To achieve this goal, OpenGraph addresses several key technical challenges:

We propose a unified graph tokenizer to adapt our graph model to generalize well on unseen graph data, even when the underlying graph properties differ significantly from those encountered during training.
We develop a scalable graph transformer as the foundational encoder, which effectively and efficiently captures node-wise dependencies within the global topological context.
We introduce a data augmentation mechanism enhanced by a large language model (LLM) to alleviate the limitations of data scarcity in real-world scenarios.

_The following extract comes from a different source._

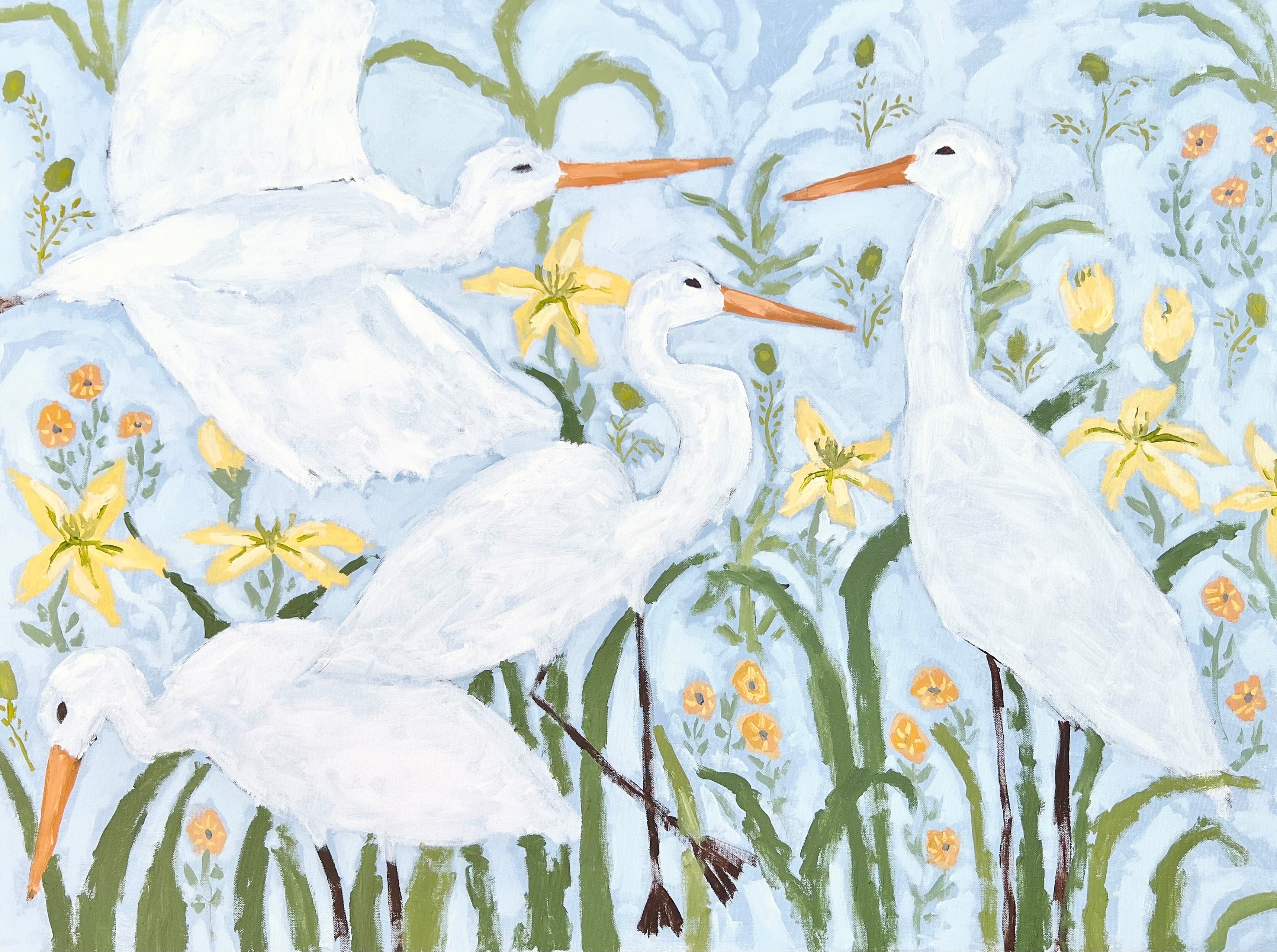 This is a 40x30 acrylic on canvas that comes unframed. Framing is available as an a la carte option for an additional $360. Please email me within 24 hours indicating color (warm silver, natural maple, dark brown wood, gold) and style (floater frame, flat frame). Turnaround time for custom framing is ~3 weeks. Orders placed as-is will ship within 7-10 business days. If shipping internationally, please see Shipping FAQ. Thank you so much for your interest in my work!

Extensive experiments validate the effectiveness of our framework. By adapting OpenGraph to new graph characteristics and comprehending the nuances of diverse graphs, our approach achieves remarkable zero-shot graph learning performance across various settings and domains.

Environment Setup

You need to unzip some of the data files in datasets/. Download the pre-trained models using the link in Models/readme. Our experiments were conducted with the following package versions:

python==3.10.13
torch==1.13.0
numpy==1.23.4
scipy==1.9.3

Brief Code Structure

Here is a brief overview of the code structures. The explanations for each directory are enclosed in quotes (##...##). For a more detailed version, please refer to the full version listed at the end of this readme.

./
│   └── README.md
│   ├── History/ ## Training history of pre-trained models ##
│   ├── Models/ ## Pre-trained models ##
│   ├── datasets/
│   ├── graph_generation/ ## Code and examples for graph generation ##
│   ├── imgs/ ## Images used in readme ##
│   ├── link_prediction/ ## code for link prediction and pre-training ##
│   │   ├── data_handler.py
│   │   ├── main.py
│   │   ├── model.py
│   │   └── params.py
│   │   ├── Utils/
│   │   │   └── TimeLogger.py
│   ├── node_classification/ ## code for testing on node classification ##
│   │   ├── data_handler.py
│   │   ├── main.py
│   │   ├── model.py
│   │   └── params.py
│   │   ├── Utils/
│   │   │   └── TimeLogger.py

Usage

To reproduce the test performance reported in the paper, run the following command lines:

cd link_prediction/
python main.py --load pretrn_gen1 --epoch 0 # test on OGBL-Collab, ML-1M, ML-10M
python main.py --load pretrn_gen0 --tstdata amazon-book --epoch 0 # test on Amazon-Book
python main.py --load pretrn_gen2 --tstdata ddi --epoch 0 # test on OGBL-ddi
cd ../node_classification/
python main.py --load pretrn_gen1 --tstdata cora # test on Cora
python main.py --load pretrn_gen1 --tstdata citeseer # test on Citeseer
python main.py --load pretrn_gen1 --tstdata pubmed # test on Pubmed

To re-pretrain OpenGraph by yourself, run the following command lines:

cd ../link_prediction/
python main.py --save pretrn_gen1
python main.py --trndata gen0 --tstdata amazon-book --save pretrn_gen0
python main.py --trndata gen2 --tstdata ddi --save pretrn_gen2

To explore pretraining with multiple different pre-training and testing datasets, modify `trn_datasets` and `tst_datasets` in line 241 of `link_prediction/main.py`.

Graph Data Generation

The graph generation code is in graph_generation/. A toy dataset of small size is given. You need to fill in your OpenAI key in Utils.py and itemCollecting_dfsIterator.py first. To generate your dataset, modify the descs and hyperparams dicts, and follow the following procedure:

cd graph_generation/
python itemCollecting_dfsIterator.py
python instance_number_estimation_hierarchical.py
python embedding_generation.py
python human_item_generation_gibbsSampling_embedEstimation.py
python make_adjs.py

Below shows our prompt template, as well as examples for prompt configurations and generated nodes.

Evaluation Results

Overall Generalization Performance

OpenGraph achives best performance under the 0-shot setting, compared to baselines trained/tuned with 1-shot and 5-shot data.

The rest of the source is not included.